Apr 4 2011, 2:59pm CDT | by , in News | Technology News

Understanding Patent Lawsuits: Why Google Bid $900 on Nortel's Carrion
 
 

Sometimes selling out makes sense.

Today, Google announced their bid of $900 million on the remaining patent portfolio of the dying Nortel Networks. If the deal goes through, Google will find themselves armed with an additional 6,000 patents.

What the Hell is a Patent?

The grand high arbitor of truth, Wikipedia, defines a patent as "a set of exclusive rights" granted to an inventor for a "limited period of time". In practice, patents are granted to corporations for vague ideas about product features, forever. Patent lawsuits represent a sort of international trade language, a way for major corporations to work out their disagreements.


In theory, a patent must both NOVEL and NON-OBVIOUS. What those two terms mean is largely dependent upon the skill of one's lawyers.

A Fun Example:

H-W Technology recently sued Apple, Google, Motorola and pretty much every other tech company in the world for violating US Patent 7,525,955. Said patent involves an "Internet protocol (IP) phone with search and advertising capability." (a smartphone) that allows users to "receive information and offers from merchants and to complete a transaction with one of said merchants without having to generate a voice call." (that lets you order things from the Internet).

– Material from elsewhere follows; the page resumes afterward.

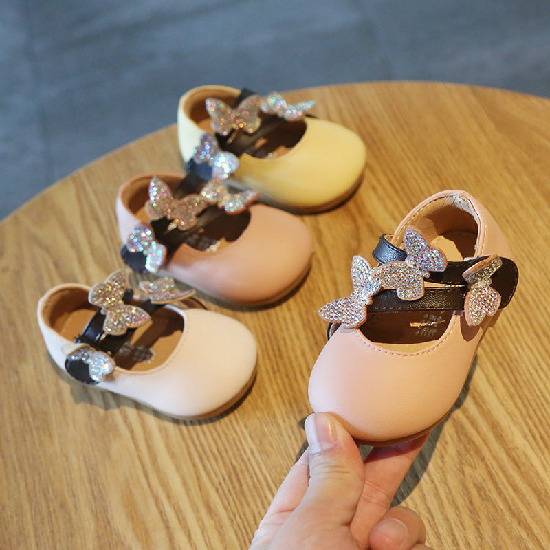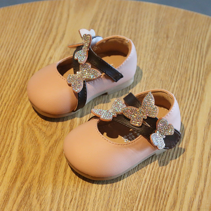 bear spring and autumn female baby niche princess shoes children's toddler shoes baby girls single shoes Korean version of small leather shoes

If that sounds obvious to you...you probably don't work as a patent clerk. The application was filed in 2005 and granted in 2009. Why H-W waited the additional two years to sue is anyone's guess.

Why Google is Pissed:

"Wildcard" suits like the one above involve one small, greedy company poking at fat wealth-sacks and hoping for a quick settlement. Things get more serious when a huge, greedy company decides to lawyer down. Open Source products are particularly vulnerable to IP Vampires. At least 38 Android patent lawsuits have been filed since March 2010. Microsoft recently alleged that Linux violates some 200 patents. They claim that the high quality of open source applications hinges largely on intellectual property theft.

Since Android operates on the Linux kernel, this puts them at risk for some very expensive lawsuits. We're talking Billions, with emphasis on that capital B. While Microsoft has been so far content to poke Google partners, like Barnes & Noble, a future legal clash seems inevitable. Even if Microsoft takes their sweet time, Google will still have the Oracle suit to deal with.

Oracle currently claims that Google violated seven patents in the making and distribution of Android.

Nortel is selling an Arsenal:

As noted in their blog entry, Google is a young company. They haven't had decades to build up a gigantic stockpile of defensive (and offensive) patents. This Nortel acquisition represents their best chance to avoid potentially billions in losses. It's hard to blame Google for taking an action so clearly in their best interest. But it's also hard to see how this move will do anything but perpetuate the madness of our current patent system. It's hard to see how the current legal climate does anything but stifle innovation.

James Gosling, considered by some to be the father of Java is even on record as saying, "There was even an unofficial competition to see who could get the goofiest patent through the system." during his time at Sun. The actual legitimacy of the patent doesn't matter, so much as the fact that it exists and that the company in question has enough money to defend it.

Is Google a Sell-Out or a Survivalist?

While Google has been a long-time supporter of the stalled Patent Reform Bill, their recent behavior can't help but reinforce the status quo. Google will be one more company with a major investment in keeping patent laws where they are.  Google had this to say about Microsoft's recent Barnes & Noble lawsuit:

"Sweeping software patent claims...threaten innovation".

They see this $900 million bid as a move to protect their own innovations from IP vampires. If Google sticks to their guns and refuses to file any "sweeping" claims, we can consider them true to their words. But if they counter-sue, well...at least we'll  have ringside seats for one hell of a legal fracas.